米国長期金利の上昇と、意外にも中東が今年の「Sell In May」の引き金になるでしょう。この夏に投機家たちが暴れる可能性が高く、市場は厳しい試練に立っています。(『藤井まり子の資産形成プレミアム・レポート』藤井まり子)

※本記事は有料メルマガ『藤井まり子の資産形成プレミアム・レポート』2018年5月1日号の一部抜粋です。ご興味をお持ちの方はぜひこの機会にご購読をどうぞ。当月配信済みのバックナンバーもすぐ読めます。

アメリカ株の下げに賭ける投機家たちが、この夏に再び暴れ出す?

アメリカのイールドカーブに「異変ナシ」

FRBは、昨年12月と今年3月に「2回」の政策金利の引き上げを実施しています。
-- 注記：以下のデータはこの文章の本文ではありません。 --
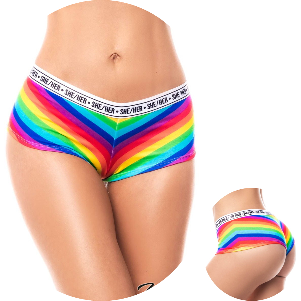 Culotte demi-fesse arc-en-ciel avec une large taille élastique comprenant un imprimé des pronoms désirés
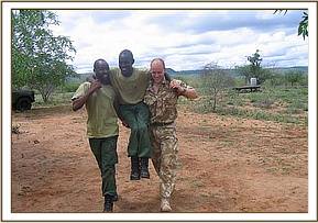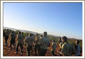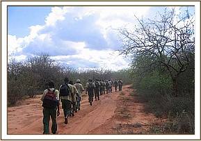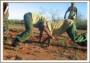 The British Royal Marines joined the de-snaring teams in the field from the 23rd of May for a period of four days during which we patrolled the Gazi area with them. On the first day of our patrol with them we traced footprints to the edge of the Yatta where we found a poachers hideout. We set an ambush but were unsuccessful. We felt that the poacher may have seen our footprints, which had been left while removing snares. As we advanced upstream we found more footprints and suspect that they were from honey hunters as this is the season that they illegally harvest honey inside the park.
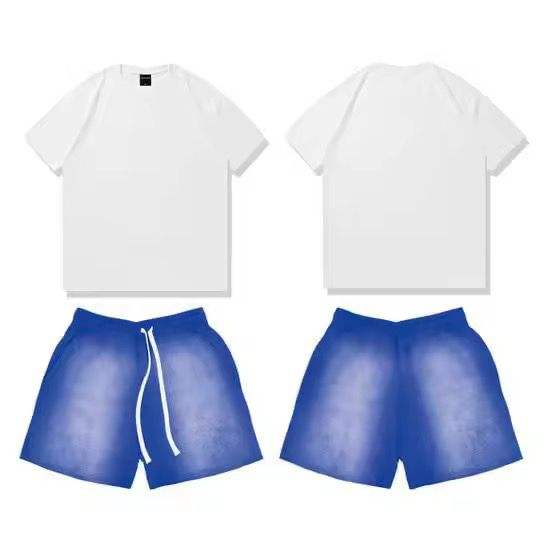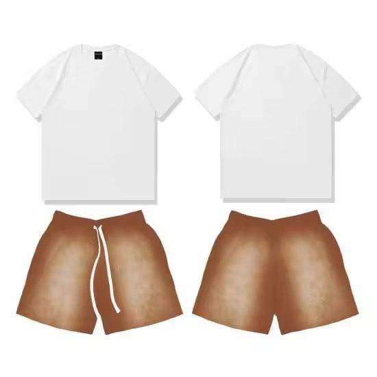 ชุดเสื้อยืดและกางเกงขาสั้นผู้ชายลายพิมพ์ตัวอักษรแบบกำหนดเอง ผ้าคอตตอนหนานุ่ม ทรงเข้ารูป สไตล์ลำลองสำหรับฤดูร้อน
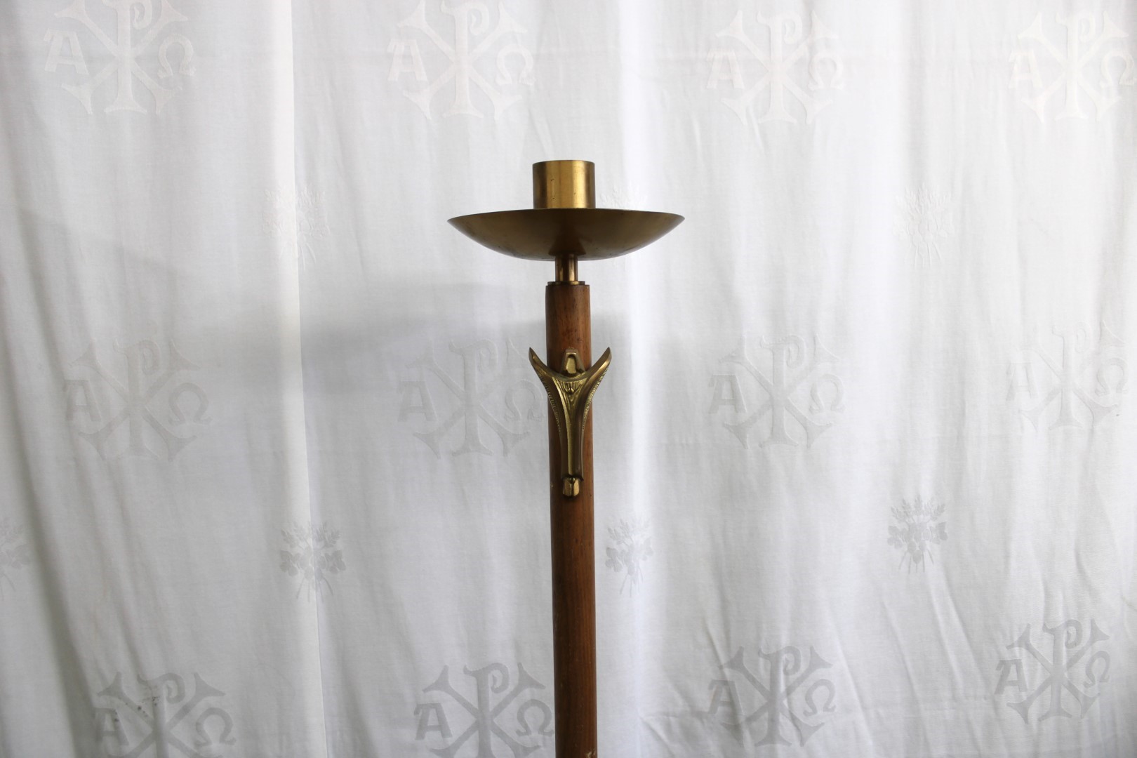 This is a previously owned processional candlestick. This features a small bronze risen Christ on the front.

0.25%の引き上げを2回、合計0.50%の引き上げを実施したわけです。

一方、直近のアメリカ長期金利の3.00%前後への急上昇。上昇が「急」だったとはいえ、この長期金利3.00%は、昨年12月のFOMCを起点にすると、0.50%前後しか上昇していません。
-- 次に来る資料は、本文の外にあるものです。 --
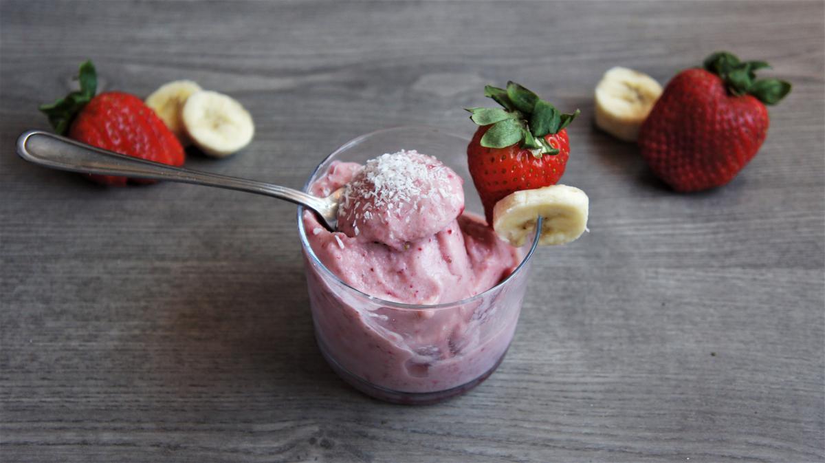Echamos el plátano y las fresas congeladas y el yogur en una batidora potente y trituramos hasta obtener una textura cremosa (si es necesario añadir un poquito de leche).

この急上昇分は、政策金利の2回の引き上げ分(0.50%)と同じ上昇分です。なんちゅうことはない、アメリカの長期金利は、短期金利とほぼパラレルに上昇しているだけ。

アメリカの実体経済には減速の兆しは見つかりません(もちろん、年初の「大幅減税で3%以上の(実質)経済成長は可能か?」といったアホみたいな期待は消え失せていますが、アメリカの実体経済は2%半ばの力強い成長をたどっています)。

債券・国債・金利市場では、「大幅減税をしたら長期金利が上昇する」という、ごく当たり前のことが起きているだけなのです。大幅減税をしたら、長期金利は上昇するものなのです。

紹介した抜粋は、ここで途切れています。